Megalópolis


De um sonho, de um surto, de uma extravagância delirante, a utopia de Francis Ford Coppola encontra seu ocaso de um modo triunfal: ame ou odeie, louve ou lamente, o cineasta crava sua lança na história e edifica seu próprio SPEED RACER/THE ROOM particular, um cinema que remete aos malabares de MOULIN ROUGE (Baz Luhrmann), ao artificialismo dA GRANDE BELEZA (Paolo Sorrentino) e, no entanto, transcende, pois é inclassificável, como uma fera selvagem que desafia os limites da própria razão.
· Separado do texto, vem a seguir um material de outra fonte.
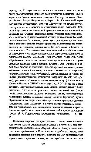 Особенно широкое распространение получает язык половецкого союза племен( кипчакский) в Сирии и Египте. Мы уже приводили выше сведения Аль-Макризи: « Султан Калаун после многолетнего пребывания в Египте не знал арабского языка, хотя прекрасно говорил по-тюркски ». Бийбарс не мог обходиться без переводчика с арабского языка, не знал арабского и хаджиб Ал-
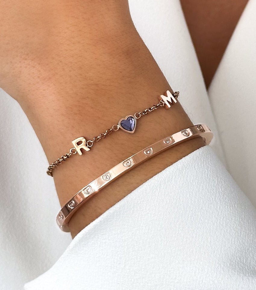 Made Mine Initials & Birthstone Bracelet (Rose Gold)
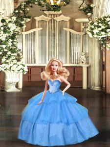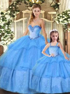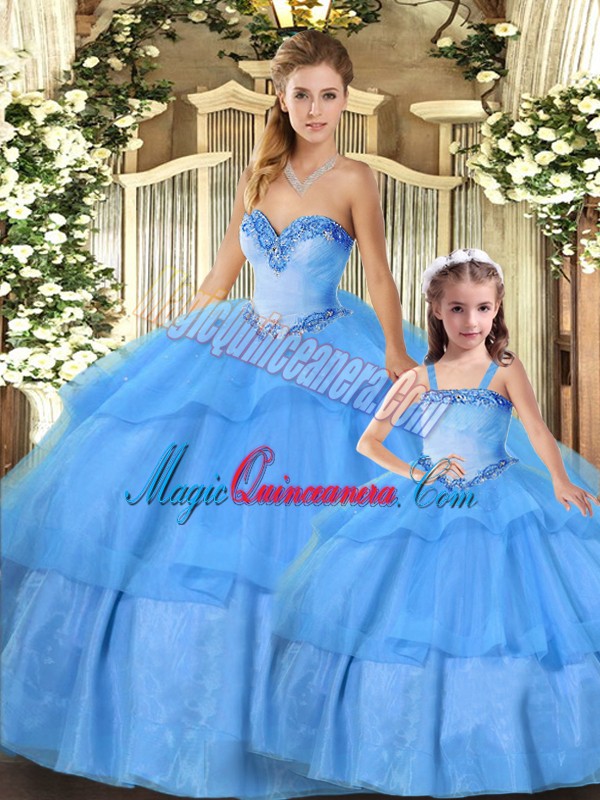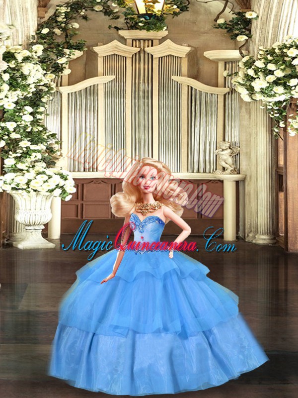 Baby Blue Sweetheart Neckline Beading and Ruffled Layers Quinceanera Gowns Sleeveless Lace Up
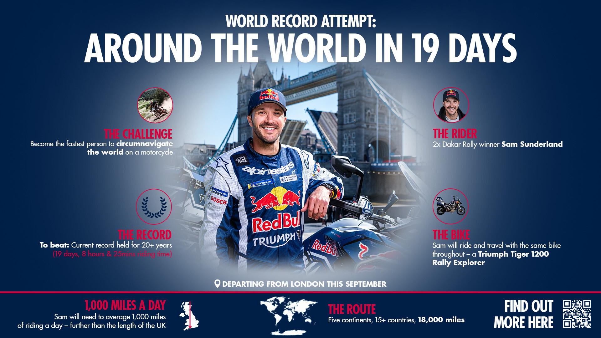 Sam partirá de Londres en su Triumph 1200 Rally Explorer en septiembre. El desafío es una prueba de fuerza física y mental, en la que Sam se enfrentará a las inclemencias del tiempo, las condiciones de la carretera y terrenos desconocidos. Recorrerá más de 15 países en los cinco continentes, comenzando y terminando su viaje en Londres. Al hablar del proyecto como atleta, campeón, padre y aventurero, Sam enfatiza su deseo de crear un legado que vaya más allá de las carreras todoterreno, con el objetivo de inspirar a personas de todo el mundo a aventurarse, superar sus límites y redefinir lo que creen posible. «Sé que este desafío me pondrá a prueba profundamente, tanto física como mentalmente», dijo Sam Sunderland. La etapa de las victorias anteriores de Sam, el Rally Dakar, es conocida como la carrera más dura del mundo. Es mayoritariamente todoterreno, con una distancia total de unos 8.000 km. Se tarda entre 10 y 15 días en completarla, y los competidores recorren entre 480 y 900 km al día.
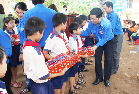 Hình 3: Thăm và tặng quà các em học sinh Trường tiểu học Lê Thị Hồng Gấm
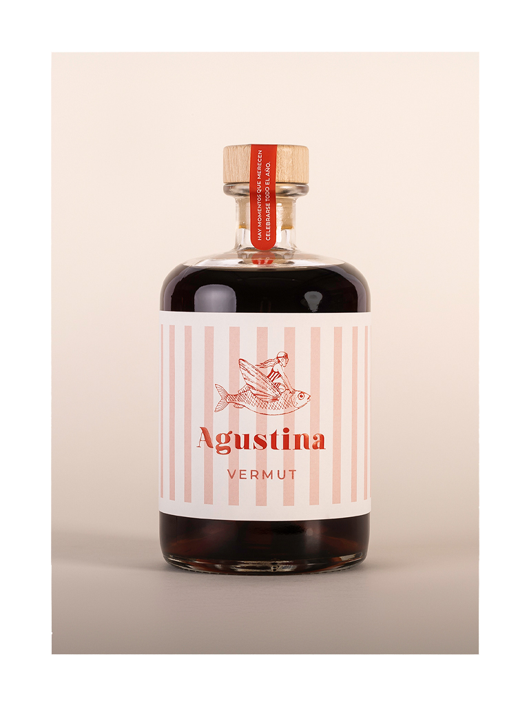 Botella AGUSTINA VERMUT. Agustina es un vermut elegante. Está elaborado con una formulación de más de 80 años a la que se añaden más de 20 hierbas aromáticas y especias entre las que destacan: artemisa, genciana, mejorana, coriandro, orégano, salvia, cardamomo, canela y regaliz.
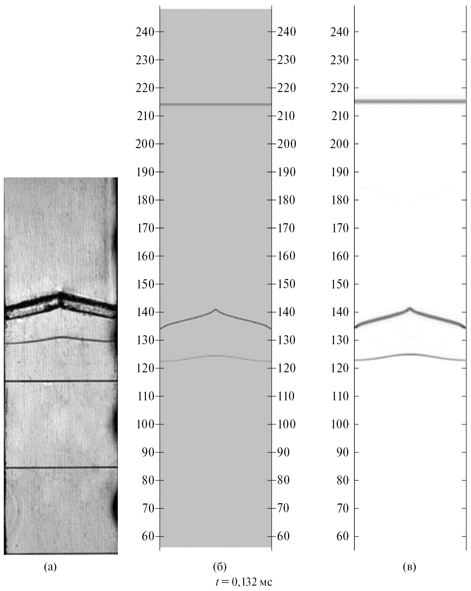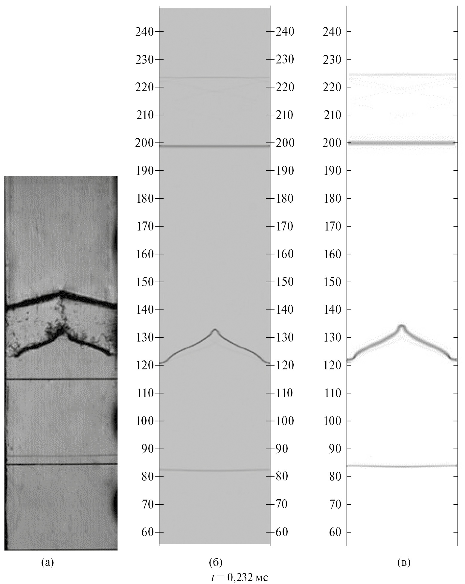 Однако имеются и более существенные отличия расчетов от экспериментов. Во всех расчетах есть небольшое отставание ударной волны, приходящей на место расположения проволочной сетки (рис. 7), по сравнению с экспериментальными данными, на рис. 9 видно, что расчетная ударная волна опережает экспериментальную. Наиболее согласующиеся с экспериментом данные получены в расчете 2 с учетом фрагментов пленки. В частности, на рис. 9 в расчете 2 отраженная от пленки волна (которая распространяется вверх по трубе) заметно ближе к экспериментальному положению. Еще более заметно, что в расчете 2 ЗТП на границе воздух–SF6 согласуется с экспериментальными данными, в то время как в расчете 1 она практически отсутствует, а имеются лишь завитушки вследствие проявления сдвиговой неустойчивости, а в расчете 3 ЗТП имеется, однако она значительно тоньше. Таким образом, пленка играет важную роль в данном течении и для корректного численного моделирования необходимо ее учитывать.
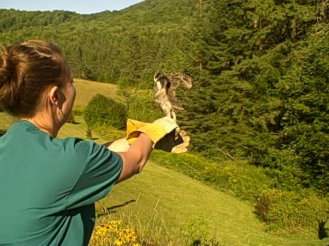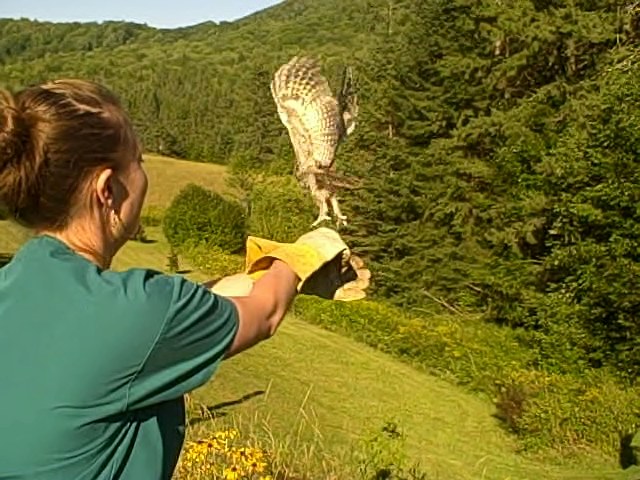 Well, our foster mom is back on exhibit, and our youngster grew up and is on his own in the great wide woods of Vermont. It was a win-win-win for all: the baby grew up with a real owl as his role model; the adult screech had the opportunity to be a mom; and we had the joy of seeing a young bird grow up healthy and return to his home in the wild. See a video of this owl’s release, and take a peek below of some shots of the owl’s first flight into the wild. Click on images for a better view.
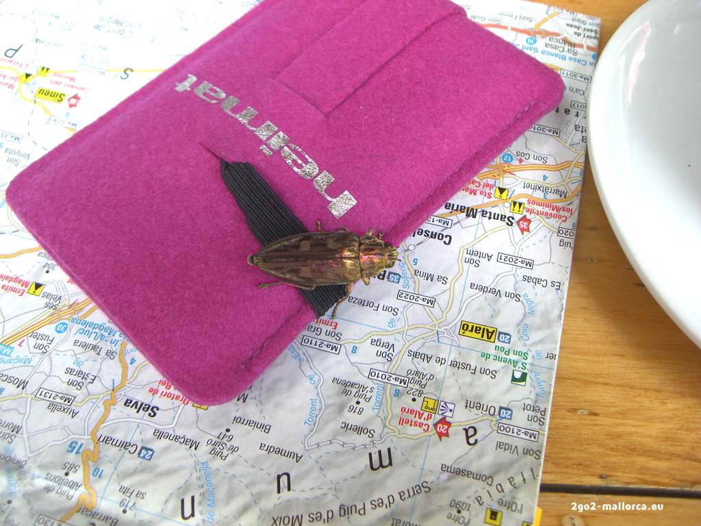 Sehr lustig war die grosse Singzikade, die uns bei einer Motorradtour-Pause durchs Gebirge Mallorcas aus dem Baum auf den Tisch rieselte. Genau aufs Handy! Vielleicht wollte sie ja einen neuen Zirp-Ton ausprobieren? Normalerweise sehen wir die im Sommer ausdauernd vor sich hin musizierenden Insekten ja nicht, und ganz ehrlich: Viele Zikaden sind auch wenig dekorativ.
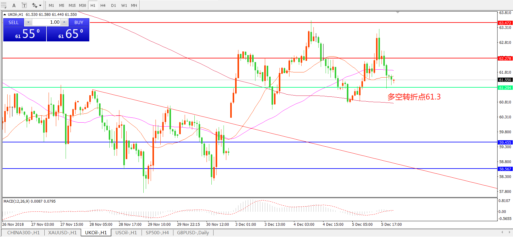 小时图看,油价跳空高开后出现回落,形态上形成箱体震荡的概率较大,短期均线走平,MACD红柱缩短,短期关注下方支撑61.3一线。
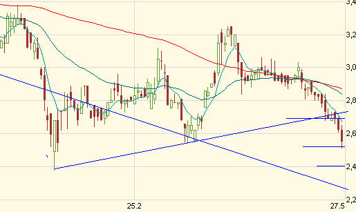 nächstes Ziel könnte durchaus das Jahrestief im Bereich um 2,45/2,50 Euro werden...
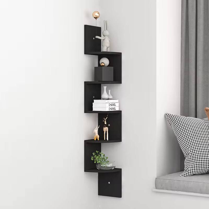 Maximize your corner space with our 5-Tier Zigzag Corner Shelf! Crafted from sturdy MDF wood in sleek black, this stylish hanging bookcase (approx. 20×20×123 cm) is perfect for books, plants, and décor. A modern space-saver for any room—easy wall mounting (drilling may be required) ensures a secure, elegant display.
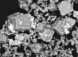 Microfotografía de microscopía electrónica de barrido que muestra micropartículas de oro (color brillante) depositadas con cristales de pirita de una solución hidrotermal en un experimento de laboratorio. - MARIA KOKH AND GLEB POKROVSKI
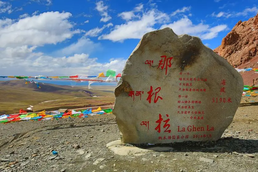 早起从班戈县出发,感受蓝天白云雪峰下藏北草原苍茫辽阔的自然风光,纳木措犹如一颗蓝宝石般镶嵌在如茵的万里羌塘草原上。遥望四野,你的心里顿时会涌起雄浑、苍茫、辽阔的感觉。纳木措湖边,有很多用石块堆起的玛尼堆。抬眼望去,头顶深邃而疏朗的蓝天,与纯净的湖水浑然一体;远处雄奇皑皑的雪峰犹如琼楼玉宇,忽隐忽现;湖边的草地犹如一张巨大的绿毯,无边无际。后翻越那根拉山口,远观念青唐古拉山返回圣城拉萨统一散团。
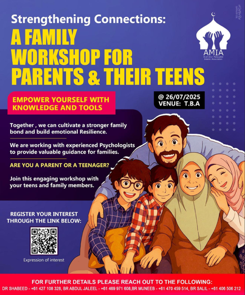 AMIA Victoria warmly invites you to a special Family Workshop for parents and their teens on 26 July 2025, as part of our exciting new initiative — AMIA Youth Catalyst. This engaging and interactive event is designed to help families build stronger connections, enhance emotional resilience, and grow together with expert guidance.
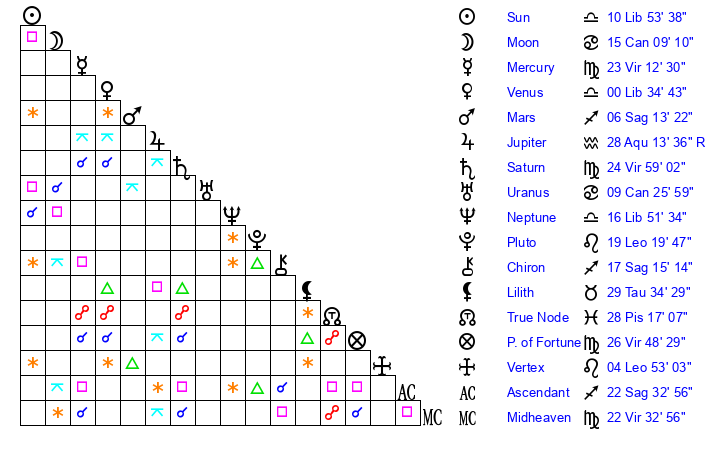 | Mercury | 23 Virgo 12 | 26 Libra 58 | 16 Capricorn 13 |
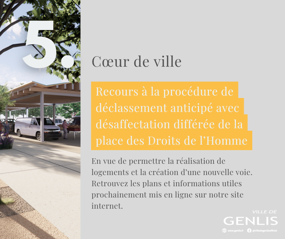 ✅ Cœur de ville : Recours à la procédure de déclassement anticipé avec désaffectation différée de la place des Droits de l’Homme, en vue de permettre la réalisation de logements et la création d’une nouvelle voie (plans et informations utiles prochainement sur notre site internet)

A urbe colossal em cena evoca a distopia de Gotham City/Metropolis, salpicada por efeitos dignos de NOSSO LAR. Adam Driver está desastroso, sua química com Nathalie Emmanuel inexistente – mas nada disso importa, pois a estética é tão exagerada, tão desavergonhadamente kitsch, tão impregnada de um espírito oitentista, que o resultado resvala no sublime. E por tal espetáculo, o público deve assistir/recompensar, como quem testemunha um evento social épico, um marco cinematográfico, um divisor de águas. Sim, e apesar de tudo, “this is cinema”, diria Scorsese, ou “pão e circo”, diriam os romanos.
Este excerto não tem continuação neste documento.